1. Thermal Barrier Protection Technology: To address the challenges of thermal runaway spread in battery modules under high altitude, large temperature variations, and high radiation conditions, a testing platform has been developed to analyze thermal barrier materials’ effectiveness in various configurations. The aim is to ensure no thermal runaway spread occurs between battery cells, with no open flames outside the battery cluster.
2. Fire Safety Early Warning and Graded Protection Technology: To rectify issues of inadequate safety designs in battery storage systems under harsh conditions, this project employs a comprehensive approach to disaster management, from preemptive intervention to post-incident containment and extinguishing. This includes precise diagnostics and early warning technologies, along with strategies for cooling, power reduction, shutdown, and fire control.

3. Key Points and Innovations

(a) Research Foundation

Over the years, BYD Auto Industry Co., Ltd. has pioneered the use of lithium iron phosphate battery technology in energy storage systems by introducing blade batteries, capitalizing on their high safety and low cost. This has resulted in a product with a high safety rating. The cumulative shipment of these batteries has exceeded 20 GWh, distributed across over 400 cities globally, with a zero percent accident rate. In collaboration with partners, technical challenges such as battery parallel current control, liquid cooling, and system integration have been successfully addressed, leading to over 5 GWh of installed liquid cooling energy storage systems.

(b) Innovations:

1. Analysis of the unique characteristics of high-altitude sites has informed the technological requirements:
   • High altitude and thin air lead to weaker convective cooling and higher risks of air breakdown.
   • Low average annual temperatures and significant temperature swings necessitate stringent temperature control measures.
   • Dry climate and low humidity increase static electricity risks, requiring lightning protection.
   • Strong solar radiation affects the lifespan of exposed equipment.
   • Long distances for equipment transport and low local population density require rigorous maintenance protocols.
2. Addressing the four main causes of safety incidents with targeted thermal runaway protection technologies for battery energy storage systems in high-altitude environments.

4. Practical Effects

The implementation of this project will foster long-term collaboration between academia and industry, significantly promoting the conversion of theoretical research into practical applications, aiding the transformation and upgrading of the energy storage industry. The research outcomes will enhance the safety performance of battery energy storage systems, reducing ecological pressures from fire and explosion incidents and ensuring the safety of lives and property.

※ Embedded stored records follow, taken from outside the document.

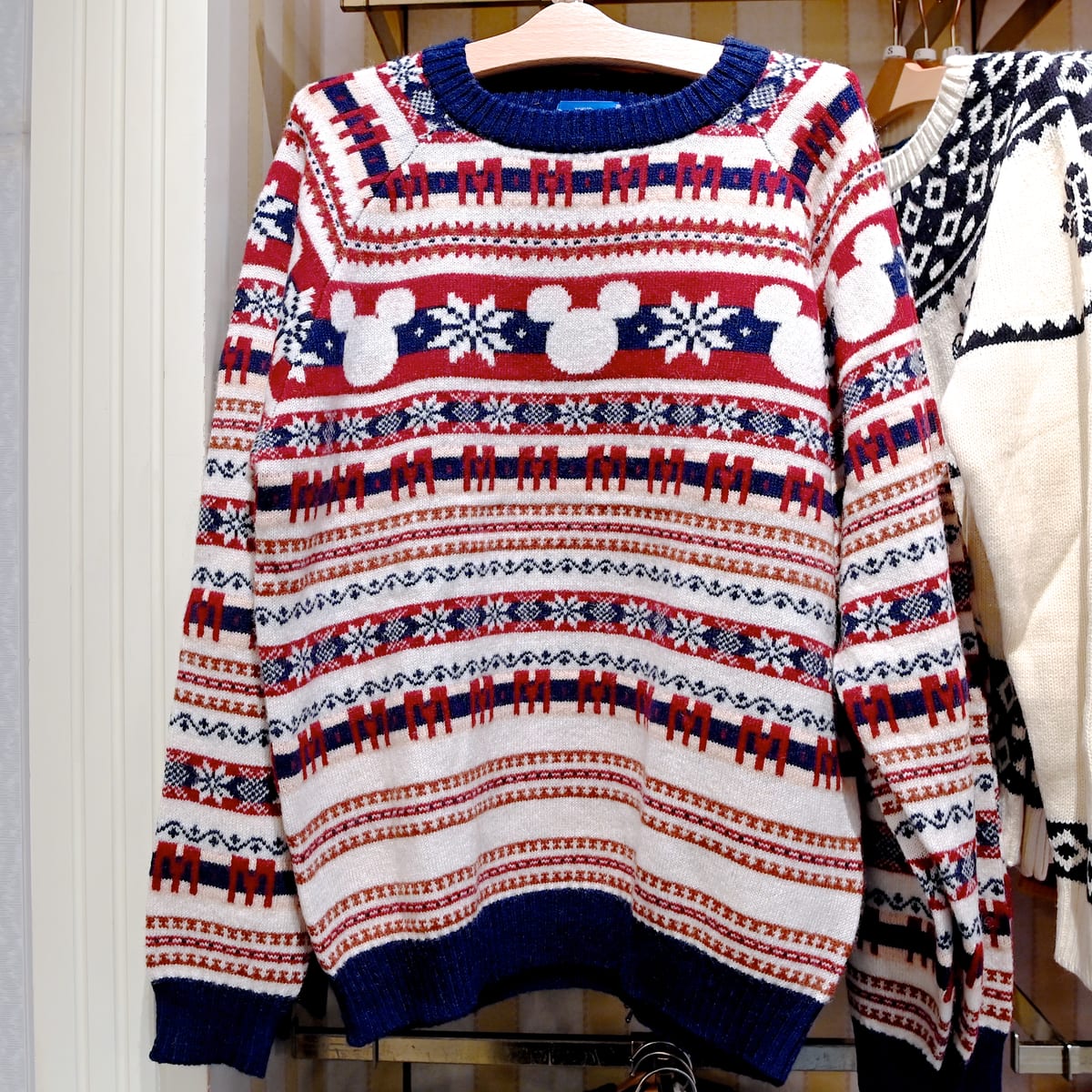 お散歩するミッキーマウスがデザインされたホワイト×ネイビーのセーター。
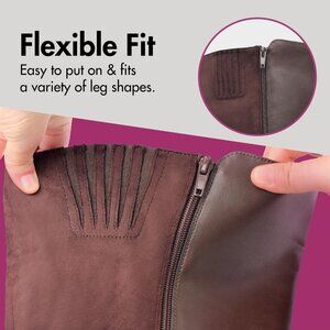 FIT: These boots are EXTRA WIDE in CALF size, and REGULAR in FOOT size. These tall riding boots have a hidden elastic band to ensure proper fit, and a full zipper for easy entry. Available in half size.
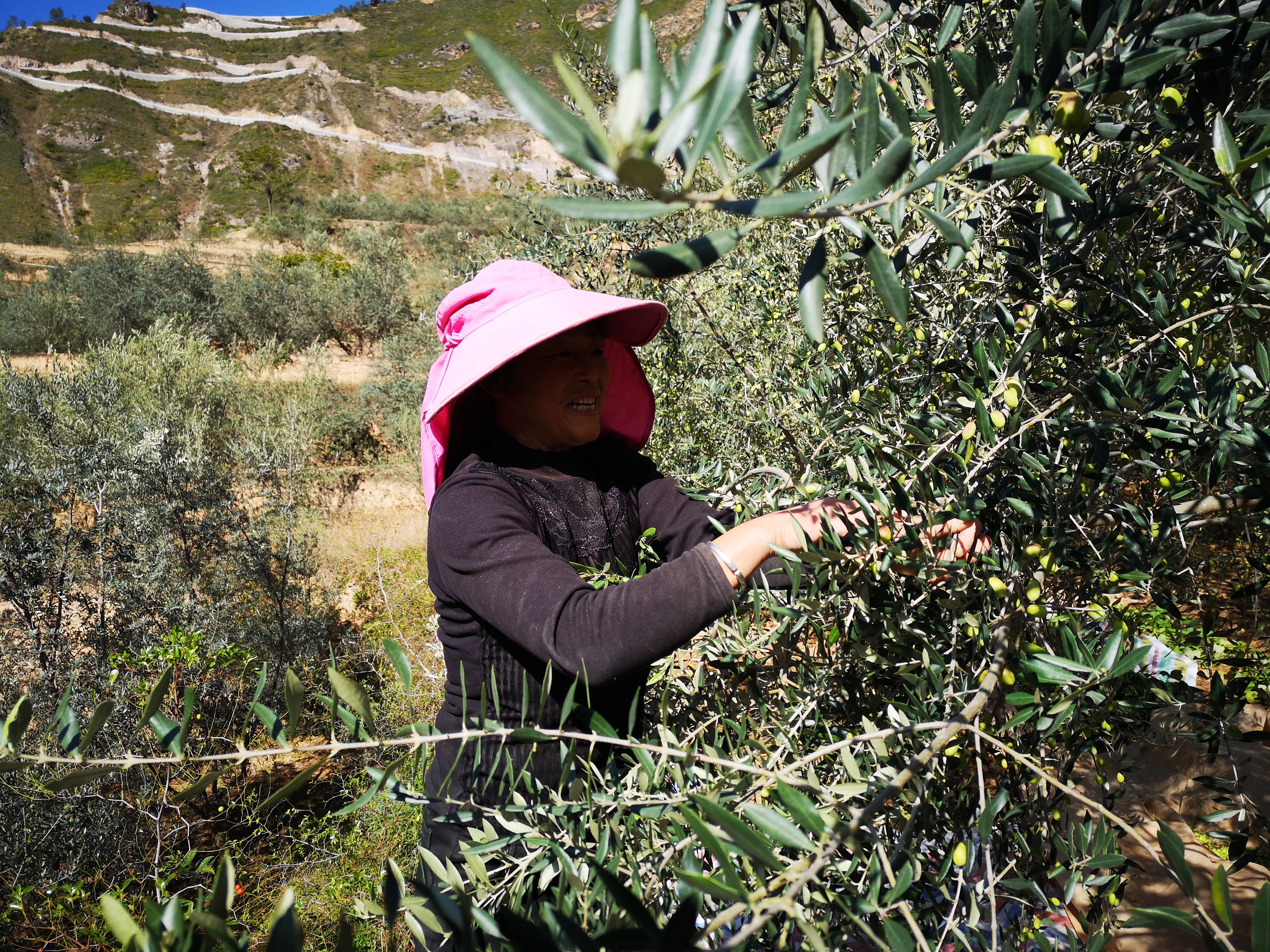 (图:农户在采摘油橄榄)
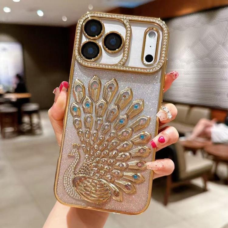 Funda para iPhone 17 Pro Max de TPU electrochapado con relieve de pavo real y purpurina de diamantes de imitación, con protector de lente (dorado).
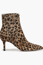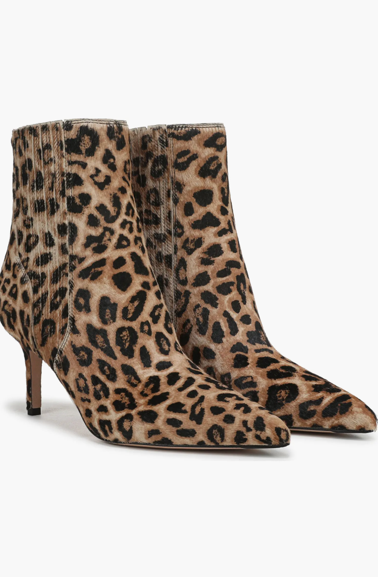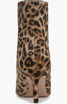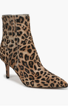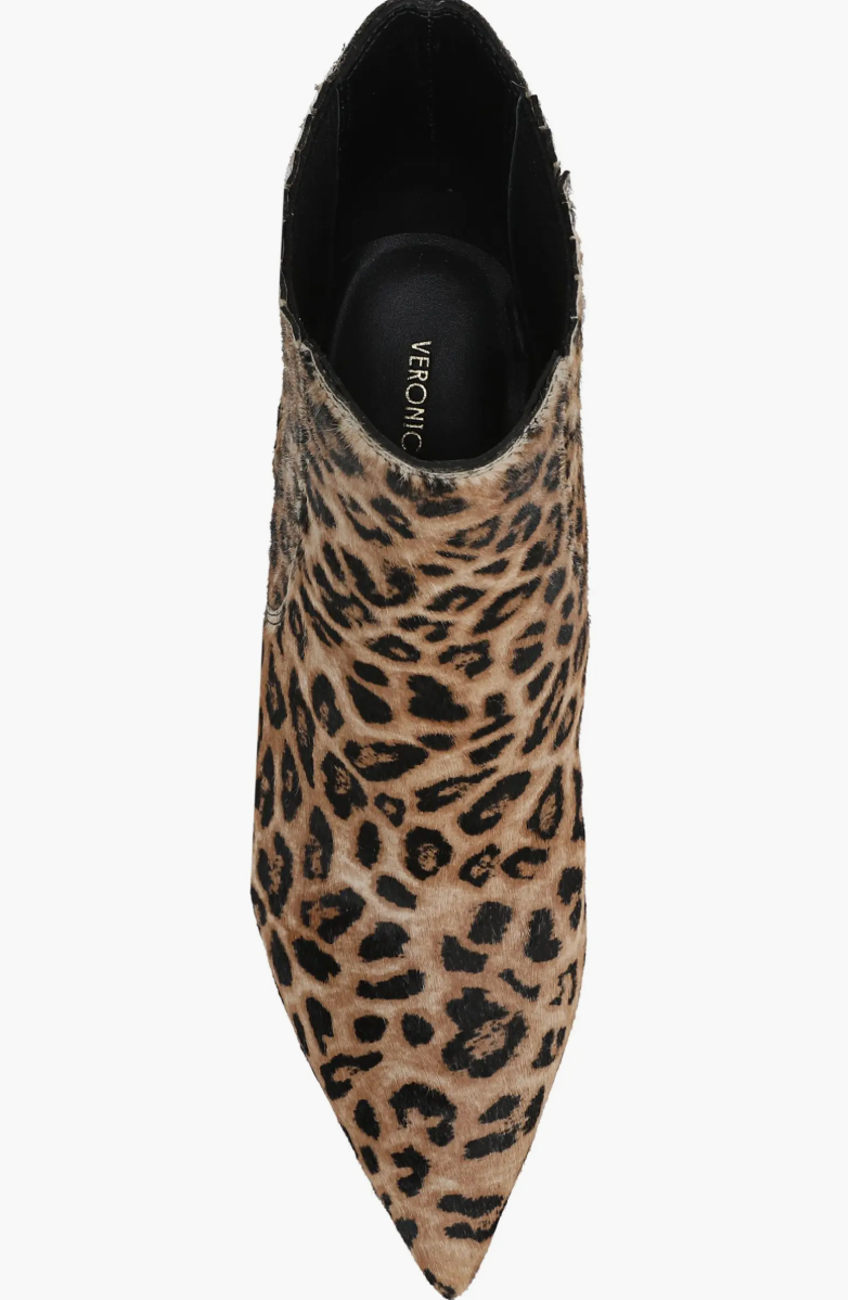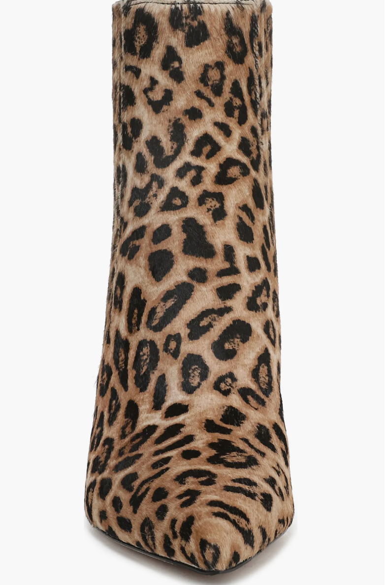 - Leopard-spotted calf hair adds a luxe vibe to a pointy-toe bootie that's destined for the spotlight.
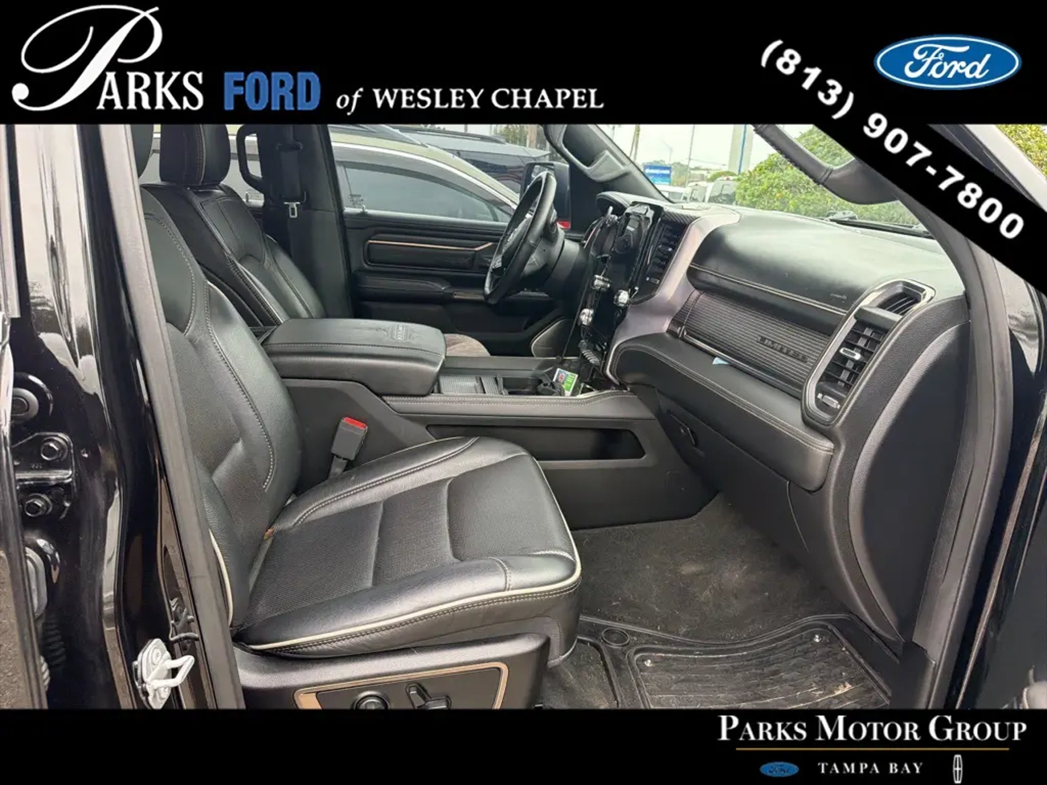 This 2021 Ram 1500 Limited Crew Cab 4x4 delivers flagship-level luxury, proven 5.7L HEMI V8 performance, and advanced suspension technology in one of the most refined full-size pickups on the market. With just 18,898 miles and Blue Certified status, this Limited represents a high-content configuration designed for buyers who want premium comfort without stepping into new-truck pricing. Under the hood is the 5.7L HEMI V8 with eTorque mild hybrid system paired with the 8-speed automatic transmission. The 48-volt belt starter generator enhances low-speed torque response and smooths start/stop transitions while maintaining strong towing capability. The 3.92 rear axle ratio and anti-spin differential maximize performance and traction, while the Class IV receiver hitch supports serious trailering demands. The 4-Corner Air Suspension system is a defining feature, allowing adjustable ride height for improved aerodynamics on the highway, easier entry and exit, or increased ground clearance when needed. This system significantly enhances ride quality compared to conventional coil or leaf spring setups. Finished in Diamond Black Crystal Pearl-Coat over Black premium leather-trimmed bucket seats, this Limited stands apart visually. 20-inch polished wheels with inserts, power running boards, LED lighting front and rear, rain-sensing wipers, power tailgate release, and the multi-function tailgate deliver both style and everyday convenience. The RamBox Cargo Management System adds lockable, illuminated bedside storage rarely found on competing trucks. Inside, the Limited trim reflects true luxury-truck status. Heated and ventilated front seats, heated and ventilated rear seats, heated leather-wrapped steering wheel, wood and leather interior accents, power adjustable pedals with memory, wireless charging pad, 115-volt outlet, and dual-zone automatic climate control create an upscale cabin experience. The Limited Level 1 Equipment Group adds Harman Kardon 19-speaker premium audio, adaptive cruise control with stop and go, lane keep assist, pedestrian emergency braking, surround-view camera system, and parallel/perpendicular park assist. The Uconnect 12-inch touchscreen with navigation, SiriusXM 360L capability, Apple CarPlay, Android Auto, and connected services provides modern connectivity and intuitive control. Safety features include blind-spot and cross-path detection, front and rear park assist with stop, forward collision warning plus, advanced multistage airbags, and electronic stability systems designed to enhance driver confidence. As a Blue Certified vehicle, this Ram has passed a comprehensive multi-point inspection and includes manufacturer-backed limited warranty coverage and roadside assistance, providing added peace of mind. Through the Parks Plus program, this vehicle also includes exterior and interior surface protection, VIN etching anti-theft security, roadside assistance enhancements, ID theft protection services, and additional long-term ownership benefits designed to help safeguard your investment. If you are searching in the Tampa Bay area for a low-mileage luxury 4x4 with HEMI V8 power, air suspension ride quality, RamBox storage, and top-tier interior refinement, this Ram 1500 Limited stands at the top of the segment. High-content Limited models with this mileage continue to attract strong demand. Contact Parks Ford today to schedule your test drive.
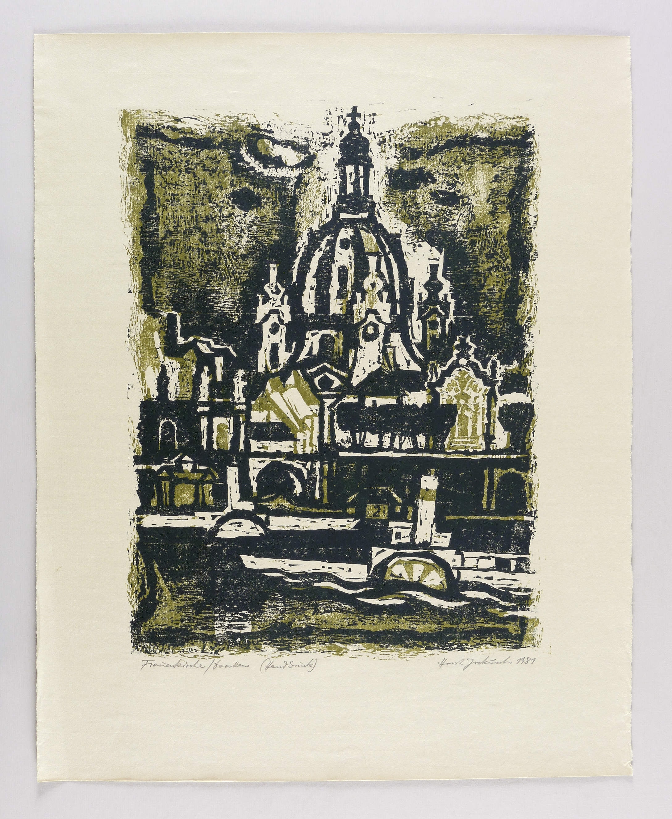 In Bleistift rechts unten signiert und datiert: ″Horst Jockusch 1981″. Links Titel: ″Frauenkirchen / Dresden″. Mittig bezeichnet: ″Handdruck″. Wasserzeichen. – Unscheoinbare Knickspuren in der linken unteren Blattecke. Sonst sehr guter Zustand.

5. Economic Benefits and Promotion Prospects

Battery energy storage is a well-established technology expected to see rapid growth during the 14th Five-Year Plan period, with installed capacity projected to exceed 30 million kW by the end of 2025. This project will effectively address safety technology challenges across the entire lifecycle of battery energy storage systems, supporting healthy large-scale development in the sector and enhancing the competitive edge of the new energy industry internationally. The rapid growth of the energy storage industry will also drive advancements in safety-related sectors such as fault diagnosis, early warning, and fire protection, presenting vast market opportunities.

Since the project began operations on December 8, 2022, it has generated 22,722 MWh of electricity by the end of June 2024, yielding revenue of 76.38 million yuan. With effective support from the thermal runaway testing platform and fire safety systems, the energy storage system operates safely and stably.